The load balancer is lying. Not maliciously — it's checking the wrong thing. The health check passes (the web framework responds) while the application is broken (the database connection is dead). This is one of the most common and most subtle failure modes in production.
How Health Checks Actually Work¶
A load balancer periodically sends requests to each backend. If the backend responds correctly, it's "healthy." If it doesn't, the backend is removed from the pool.
Load Balancer → GET /health → Backend A: 200 OK ✓ (in pool)
Load Balancer → GET /health → Backend B: 200 OK ✓ (in pool)
Load Balancer → GET /health → Backend C: no response ✗ (removed)
The shallow health check trap¶
# BAD — always returns 200 if the web framework is running
@app.get("/health")
def health():
return {"status": "ok"}
# This checks: "is Python running?" Not: "can the app serve requests?"
The framework is running. Python is alive. But the database connection pool is exhausted, Redis is unreachable, and the disk is full. The health check returns 200 while every real request returns 500.
# GOOD — checks actual dependencies
@app.get("/health")
def health():
checks = {}
# Check database
try:
db.execute("SELECT 1")
checks["database"] = "ok"
except Exception as e:
checks["database"] = str(e)
return JSONResponse({"status": "unhealthy", "checks": checks}, status_code=503)
# Check Redis
try:
redis.ping()
checks["redis"] = "ok"
except Exception as e:
checks["redis"] = str(e)
return JSONResponse({"status": "unhealthy", "checks": checks}, status_code=503)
return {"status": "healthy", "checks": checks}
Gotcha: Deep health checks can cause cascading failures. If the database is slow (not down), the health check times out. The LB removes the backend. Now all traffic goes to remaining backends, which also time out on the health check. All backends removed. Health checks killed your entire service because the database was slow.
Fix: Separate liveness (shallow: "is the process alive?") from readiness (deep: "can it serve traffic?"). Liveness should never check dependencies. Readiness should.

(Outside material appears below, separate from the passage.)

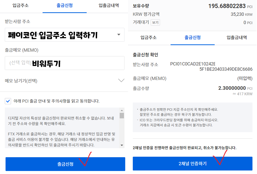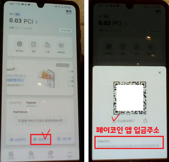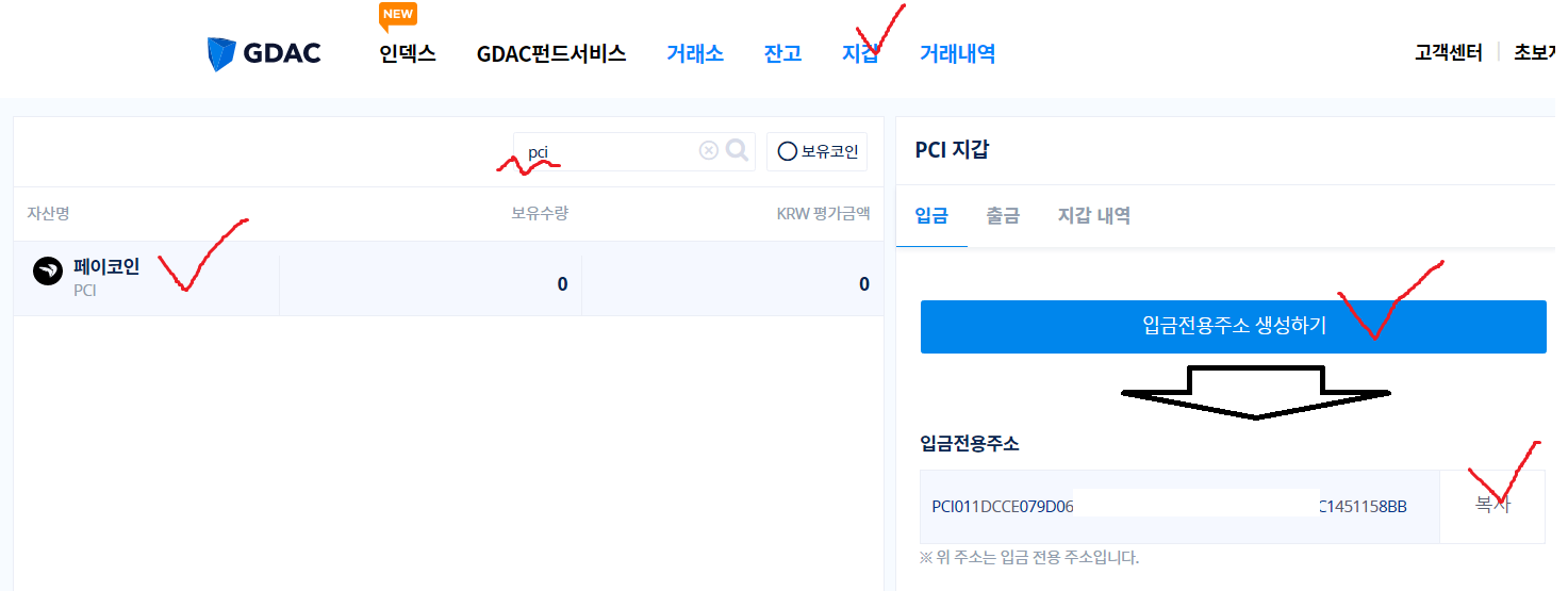 (※ 페이코인 메인넷 입금주소의 경우, 입금주소가 PCI로 시작한다 )

L4 vs L7: What the Load Balancer Sees¶
Layer 4 (TCP)¶
The LB works with TCP connections. It can see: source IP, destination IP, ports. It CANNOT see: HTTP headers, URLs, cookies, response bodies.

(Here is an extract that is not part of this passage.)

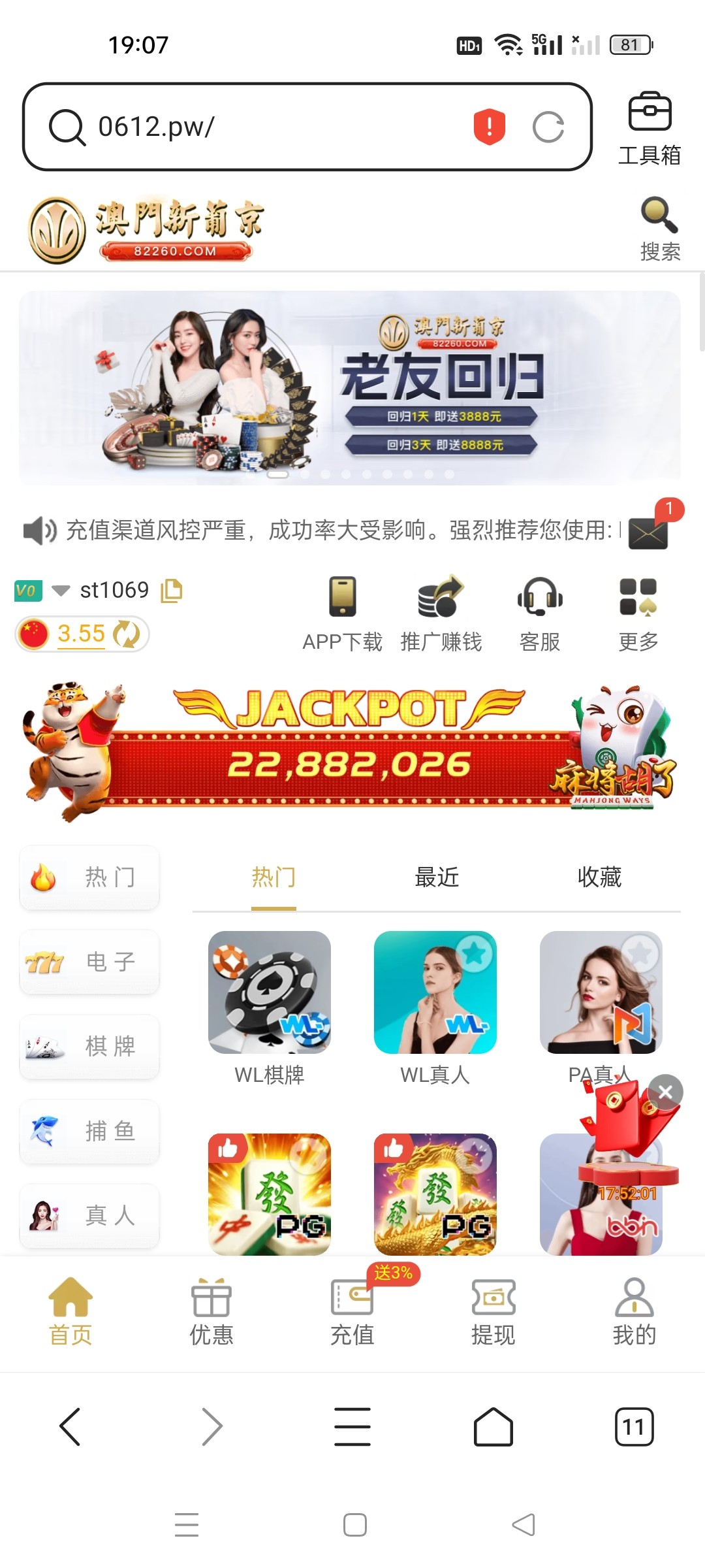 找在线客服,问是不是合并了,客服会提供飞鸽客服让你添加领取彩金,飞鸽那边会赠送18元彩金,不限游戏,只能出款100。我没有打出来,也没有充值,出款自测。网址:0612.pw

L4 health check: "Can I open a TCP connection to port 8080?"
→ Connection succeeds = healthy
→ Connection refused = unhealthy
→ Timeout = unhealthy
An L4 health check only proves the port is open. The app could be returning 500 on every request, and the L4 check still shows green.
Layer 7 (HTTP)¶
The LB terminates the HTTP connection and inspects the request/response. It can see everything: headers, status codes, URLs, cookies.
L7 health check: "Does GET /health return 200?"
→ 200 OK = healthy
→ 503 = unhealthy
→ Timeout = unhealthy
L7 is more accurate but more expensive (must parse HTTP, terminate TLS).

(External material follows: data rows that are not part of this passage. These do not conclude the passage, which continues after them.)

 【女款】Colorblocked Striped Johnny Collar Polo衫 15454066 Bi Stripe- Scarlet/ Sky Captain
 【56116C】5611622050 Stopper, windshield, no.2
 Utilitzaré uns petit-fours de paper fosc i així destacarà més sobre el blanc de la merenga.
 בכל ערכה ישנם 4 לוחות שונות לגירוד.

| L4 (TCP) | L7 (HTTP) | |
|---|---|---|
| What it checks | TCP connection succeeds | HTTP status code |
| Can see content | No | Yes (headers, body, URL) |
| Can route by path | No | Yes (/api → backend A, /static → backend B) |
| TLS termination | No (passthrough) or yes | Yes (always) |
| Performance | Faster (less processing) | Slower (HTTP parsing) |
| False positives | High (port open ≠ app works) | Lower (can check response) |
Connection Draining: The Deploy Disaster¶
You deploy a new version. The LB removes the old backend and adds the new one. But the old backend had 150 active connections mid-request. Without draining, those connections get RST (reset) — 150 users see "connection reset" errors.
WITHOUT draining:
11:00:00 — Deploy starts
11:00:01 — Old backend removed from LB pool
11:00:01 — 150 active connections killed (RST)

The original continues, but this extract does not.